──────── DATA BELOW ────────
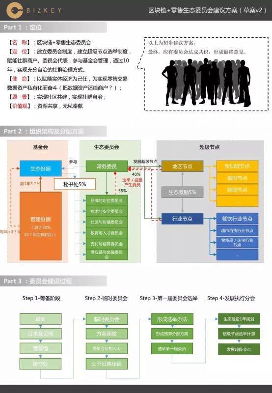第二个是生态委员会及超级节点建设。在这个板块我们做了非常大的”牺牲“和投入,我们将基金会的份额(占比30%)全盘托出�围绕项目所需的各个板块招募和投票选拔委员会成员,以及超级节点(原本服务于实体零售商户的移动支付服务商/中小型2B saas平台/具备商户拓展能力的地推公司/零售行业商会等等)。逐步将社区治理权真正归还给社区。详细策划大致如下。
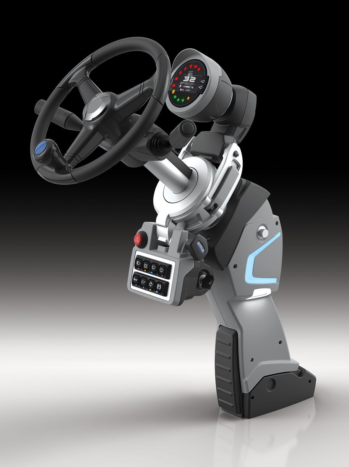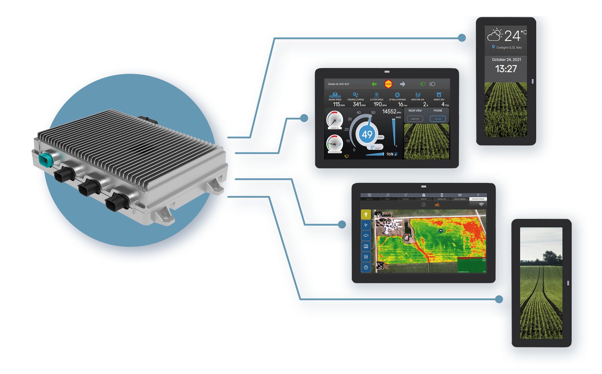 Sistema HMI primario tra l'operatore e l'elettronica del trattore. È costituito da un'unità principale elettronica di controllo e da pannelli TFT separati.
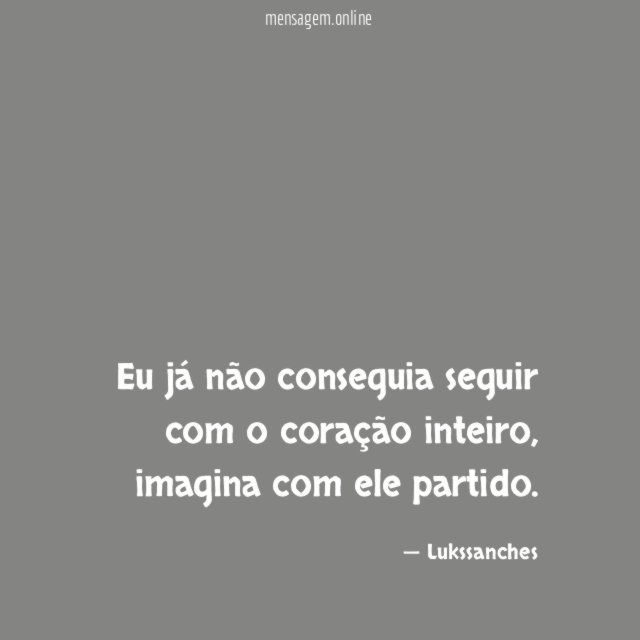 Eu já não conseguia seguir com o coração inteiro, imagina com ele partido.
────────
- _PROBLEM TO WORK ON_: Each line above should be written out again unchanged; no images are to be carried over.

- _ANSWER BOX_:
第二个是生态委员会及超级节点建设。在这个板块我们做了非常大的”牺牲“和投入,我们将基金会的份额(占比30%)全盘托出�围绕项目所需的各个板块招募和投票选拔委员会成员,以及超级节点(原本服务于实体零售商户的移动支付服务商/中小型2B saas平台/具备商户拓展能力的地推公司/零售行业商会等等)。逐步将社区治理权真正归还给社区。详细策划大致如下。
 Sistema HMI primario tra l'operatore e l'elettronica del trattore. È costituito da un'unità principale elettronica di controllo e da pannelli TFT separati.
 Eu já não conseguia seguir com o coração inteiro, imagina com ele partido.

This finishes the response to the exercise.